It’s the Ente of the world
Tonight I went out and ate a duck in front of some of my friends. The group included my two housemates, a visiting German friend, and two of her friends. My housemate had just finished explaining his experiences pitching spec scripts to the LA film market, when one of the girls turned to me and asked “So what’s your test on tomorrow?”.
Background info: I have a test tomorrow. I racked my brains for something exciting to say, but in the end the only words that came out of my mouth were “digital hardware”. This was, in fact, a condensed version of the actual answer. The actual answer was “Using C to program the ATmega16 AVR microcontroller’s serial port, timer, PWM and ADC functionalities”. But I didn’t want to sound like a Dusche.

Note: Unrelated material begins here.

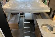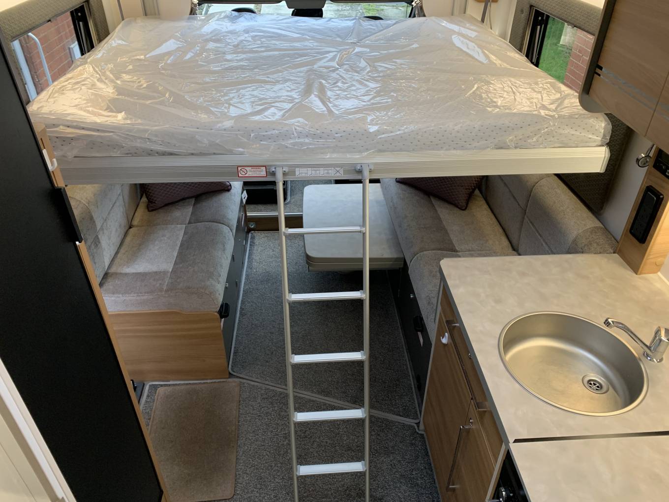 Above is the electric drop down bed, that can be used in multiple positions depending on who is in the motorhome, including at the level of the sofas.
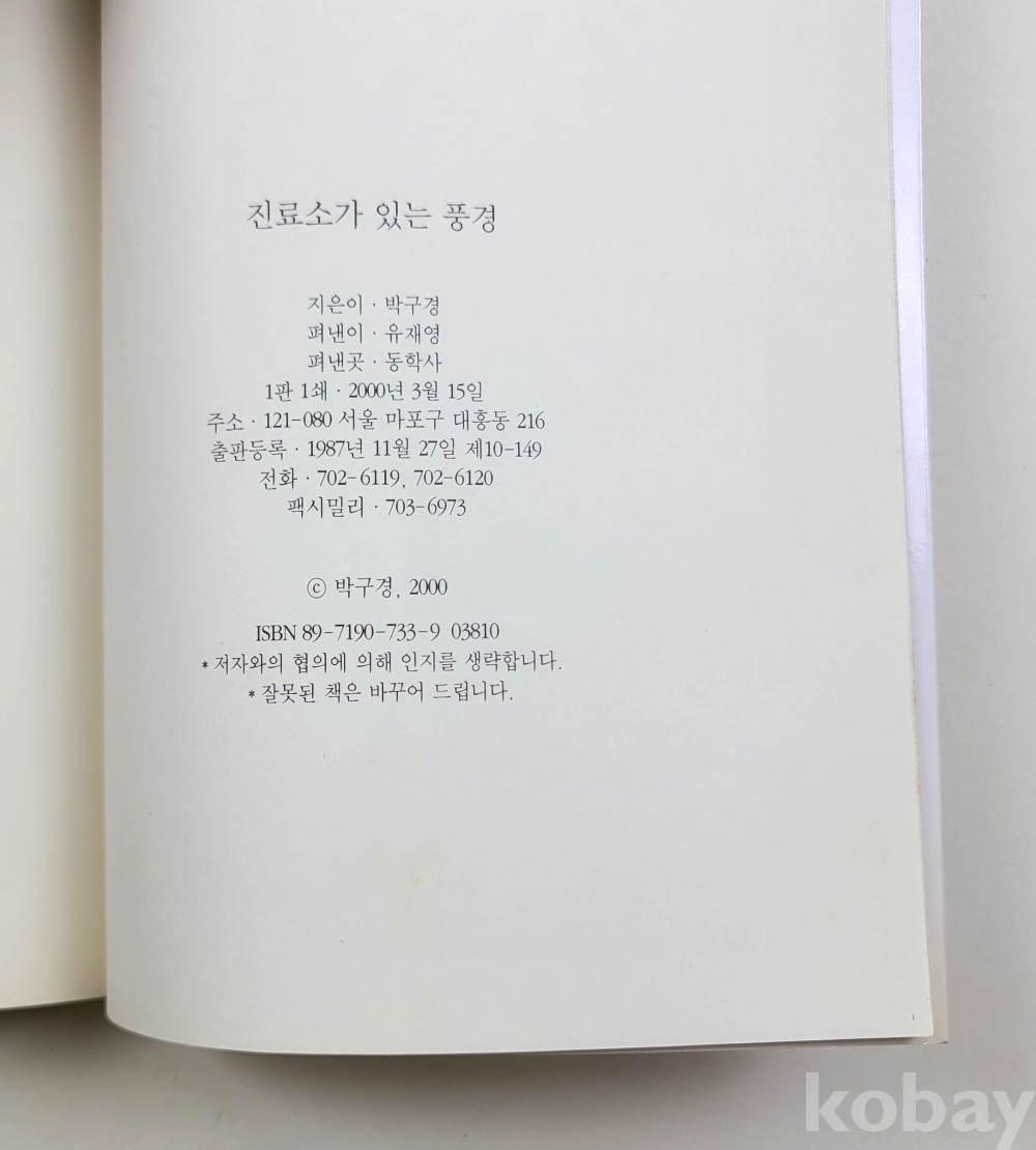 물 품 명 | 박구경 / 진료소가 있는 풍경 / 2000년 초판 / 동학사 |

See, I’m slowly realising as a student engineer – especially the half that’s an electrical engineer – that there’s no easy way to explain what you learn about to people without boring them to death or dumbing it down so many shades that it doesn’t really explain anything at all. It’s alright if you write movies or newspapers or novels, or teach english, or dissect small animals. These are activities that people are familiar with. Even organic chemistry can be made exciting (I synthesise meth), and biology ain’t too bad either (I study the mating patterns of sloths). But if you tell someone you’re performing a Fourier transform on a square wave to see what its fundamental frequencies are… well how do you glamourise that?
I think the essence of what I am trying to communicate here is that in other areas of study it is possible to reduce an explanation of things to a level that people can relate to, like books, movies, or psychology. With a technical study like engineering, quantum physics, or nanotechnology, there’s fewer ways to do that. Let’s go back to the example before: Microcontroller. Do you know what that is? What it does? I guarantee you you’ve used something – probably many things – with one in it today. But how do you explain it to someone non-technical without boring them or confusing them? A programmable chip? That’s still jargony. Really tiny computer? That sounds condescending and is inaccurate.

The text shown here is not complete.